**Exercise aim:** Pictures must not appear in your answer. Write out exactly the lines from the one with "As they ventured" through the last line of the entries below.

**Supplied data:**
- Opening Delimiter -

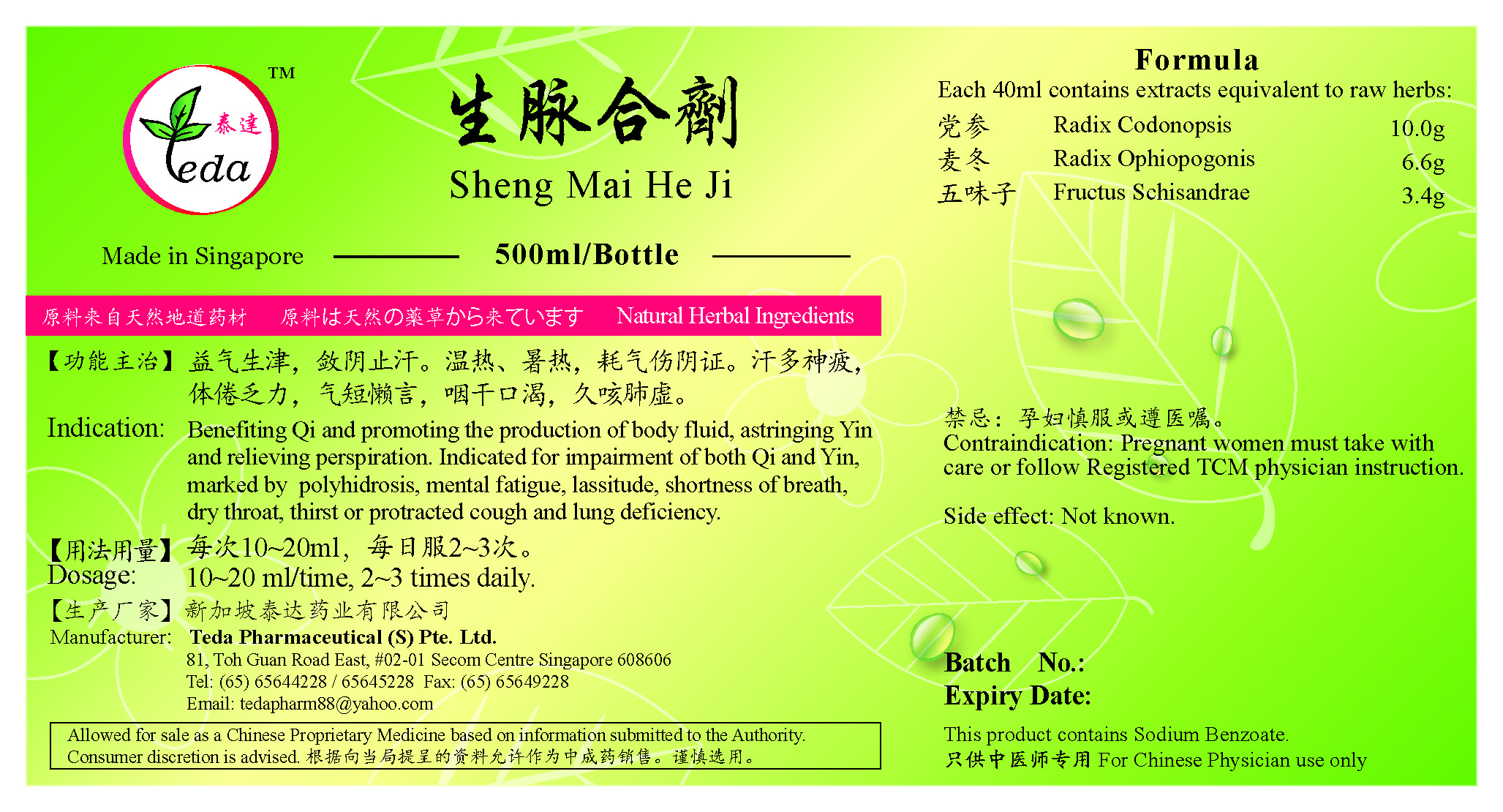 生脉合剂 Sheng Mai He Ji(500ml) (TSM03) Category: Liquid Preparations UOM: BOT 500ml 【功能主治】益气生津,敛阴止汗。温热、暑热,耗气伤阴证。汗多神疲,体倦乏力,气短懒言,咽干口渴,久咳肺虚。 Indication: Benefiting Qi and promoting the production of body fluid, astringing Yin and relieving perspiration. Indicated for impairment of both Qi and Yin, marked by polyhidrosis, mental fatigue, lassitude, shortness of breath, dry throat, thirst or protracted cough and lung deficiency. Ingredients: 党参 Radix Codonopsis 麦冬 Radix Ophiopogonis 五味子 Fructus Schisandrae SGD 10.70 |
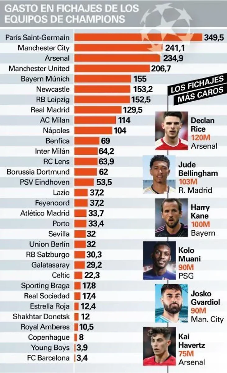 Отдельными дорогими трансферами выделяются «Бавария» и Харри Кейн − 100 млн евро, и «Мадрид» с Джудом Беллингемом − 103 млн евро.
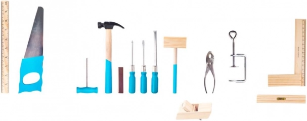 Sunt incluse instrumente de bază precum fierăstrău, ciocan, șurubelnițe, cheie și riglă, din combinație de lemn și metal cu mânere albastre confortabile. Setul este conceput pentru joacă sigură și cu sens și susține independența și imaginația.
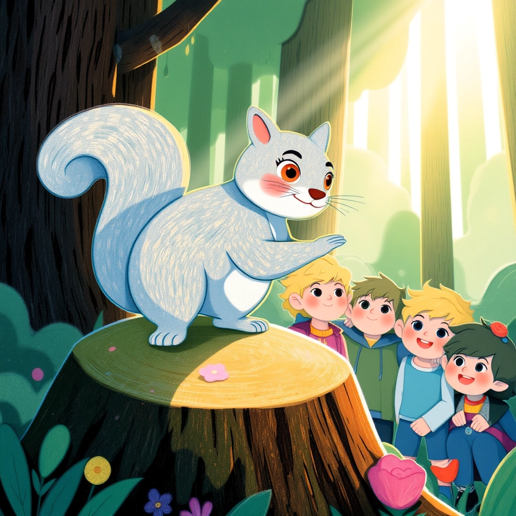 As they ventured into the forest, a peculiar sound caught their attention. The children turned to find a squirrel with shimmering fur and golden eyes waving at them!
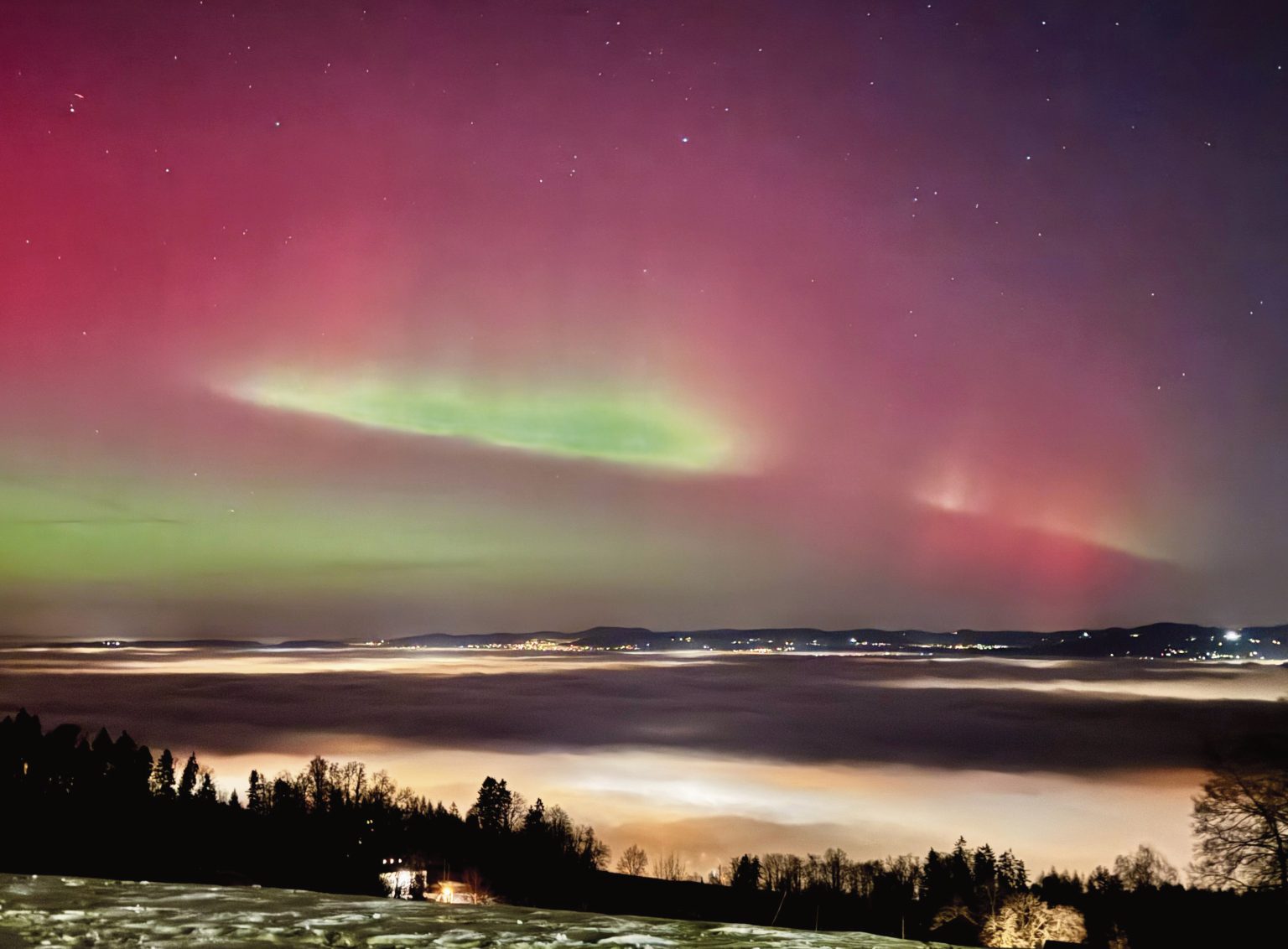 Diese wunderbaren Aufnahmen hat Bettina Elmer am Montagabend zwischen 22.30 und 23.00 Uhr auf dem Pfannenstil gemacht. «Eigentlich war ich schon auf dem Weg ins Bett, als eine Meldung von meiner Polarlichter-App aufgeploppt ist», erzählt Bettina Elmer. Nach einem kurzen Check  der Webcam wegen des Nebels, habe sie sich sofort in warme Kleidung gestürzt und sei losgefahren. «Und dieses Mal hatte ich wahnsinniges Glück! Wie oft stand ich schon dort und es war trotz halbwegs gute Prognosen nichts zu sehen…»

- Closing Delimiter -

**Result of the task:**
 As they ventured into the forest, a peculiar sound caught their attention. The children turned to find a squirrel with shimmering fur and golden eyes waving at them!
 Diese wunderbaren Aufnahmen hat Bettina Elmer am Montagabend zwischen 22.30 und 23.00 Uhr auf dem Pfannenstil gemacht. «Eigentlich war ich schon auf dem Weg ins Bett, als eine Meldung von meiner Polarlichter-App aufgeploppt ist», erzählt Bettina Elmer. Nach einem kurzen Check  der Webcam wegen des Nebels, habe sie sich sofort in warme Kleidung gestürzt und sei losgefahren. «Und dieses Mal hatte ich wahnsinniges Glück! Wie oft stand ich schon dort und es war trotz halbwegs gute Prognosen nichts zu sehen…»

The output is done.